Peru drops six charges in suit. Yale Daily News, 22/3/10
Peru drops six charges in suit
Jonathan Freiman LAW ’98, the attorney representing Yale, told the Associated Press that while he is glad the six charges have been dropped, he thinks the remaining charges are “equally misguided and should be withdrawn as well.”
University General Counsel Dorothy Robinson added in an e-mail Sunday night that the withdrawn claims were “unfounded and inappropriate attacks.”
“Yale had previously warned Peru that several of its claims lacked conceivable basis,” Robinson said. “We believe there are strong grounds for dismissal of all of the remaining claims as stale.”
Peru first filed suit against the University in April 2009, arguing that the artifacts — including “bronze, gold, and other metal objects, mummies, skulls, bones and other human remains, pottery, utensils, ceramics, objects of art and other items” — belong to Peru and its people and are central to the history and heritage of the country. The suit claims Yale is “wrongfully and improperly detaining these Artifacts and has refused their return”, and that the University has yet to uphold its promise to study Bingham’s findings sufficiently; Peru claims Yale has stored a large portion of the artifacts in unopened boxes and has neither counted nor classified many of the artifacts.
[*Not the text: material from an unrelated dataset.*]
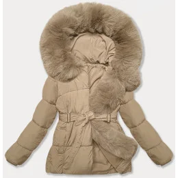 Béžová dámská bunda pro přechodné období s páskem J Style (16M9183-62)
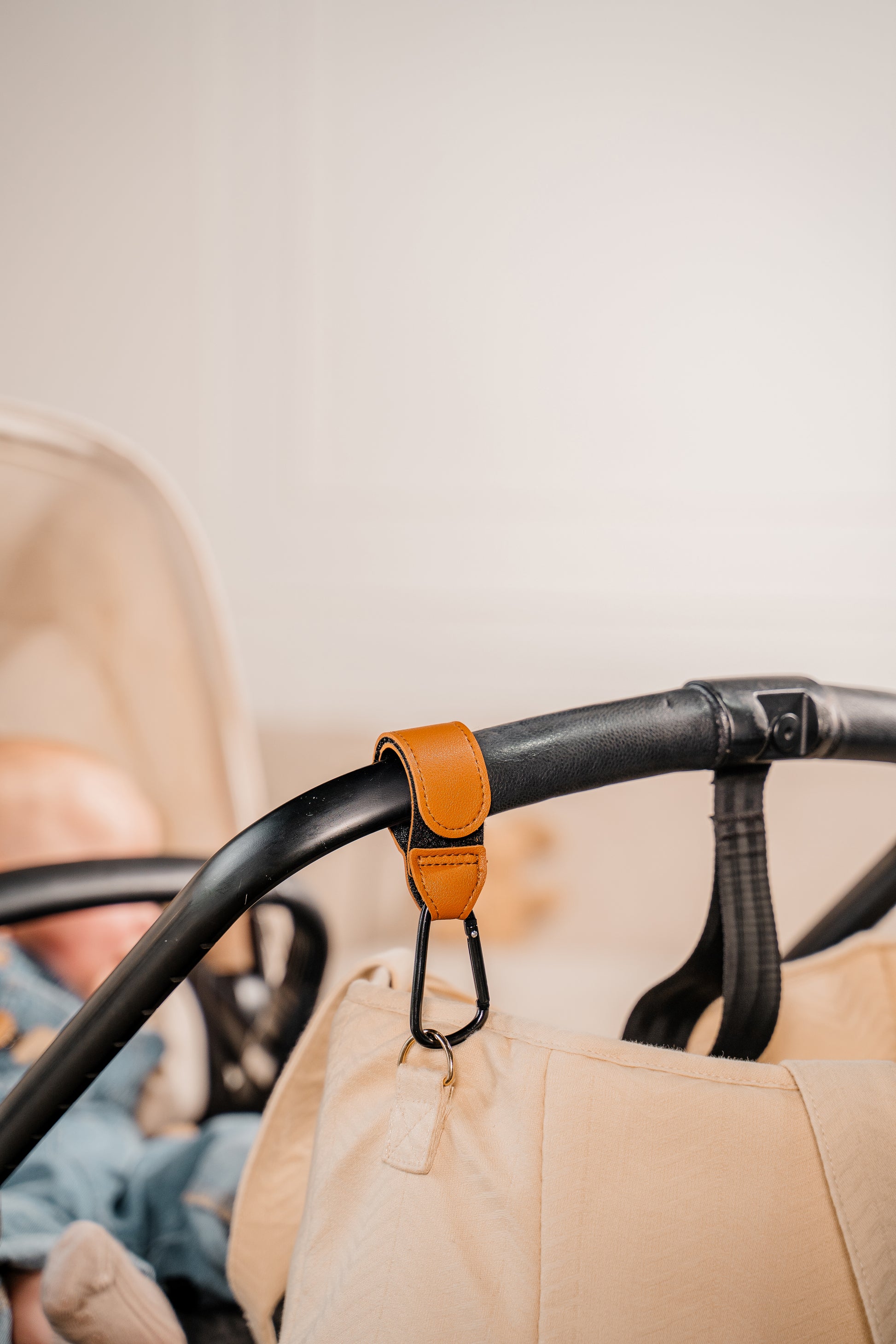 De MOMCIE tassenhaken zijn verkrijgbaar in zwart of bruin, stijlvol en passend bij iedere kinderwagen of tas. Met het stevige klittenband bevestig je de haken eenvoudig aan de duwbeugel. Zo houd je je handen vrij voor belangrijkere dingen: je baby, je koffie of gewoon even een moment voor jezelf.

The remaining 11 charges in the lawsuit argue that Yale unlawfully took the excavated items by failing to return all artifacts ever exported from Peru, either before or after the Peruvian government banned people from exploring historic sites and removing artifacts with the so-called Third Decree in October 1912. While lawyers for Peru acknowledged in the original filing that the Peruvian government created a one-time exception for Bingham’s scientific research in 1911, they argued that the Third Decree granted permission for only 18 months and that artifacts could only be exported from Peru until their return was requested.
In addition to the repatriation of the artifacts, Peru is also seeking compensation from Yale for the “wrongful retention” of the articles. In the lawsuit, Peru claims these damages are worth “far in excess of $75,000.”
Yale filed papers in federal court in January, arguing that the case should be dismissed under Connecticut law because too much time has passed since Yale acquired the artifacts. Peru has countered by claiming that the artifacts never belonged to Yale in the first place and that, under Peruvian law, the country’s claim would not be subject to Connecticut’s three-year statute of limitations. The date for oral argument before a judge on this matter has yet to be set, Robinson said.
In the same filing, Yale argued that it returned dozens of boxes of artifacts in 1921 and that Peru knew the University would keep the remainder. Yale then placed the remaining pieces on display at the Peabody Museum and published books on Bingham’s findings.
Yale and Peru had been trying to reach a settlement since 2005, and the two parties almost reached an agreement in 2007. Yale agreed to grant Peru legal rights to certain artifacts, which would have traveled in a joint exhibit funded by Yale, and then returned to a museum in Cuzco, the ancient Inca capital. But Peru pulled out of the deal because of a disagreement over how many artifacts would be returned.
When Peru’s suit came at the end of the next year, Yale filed to move the case from Washington, D.C., to Connecticut, arguing that Washington had no jurisdiction over the matter.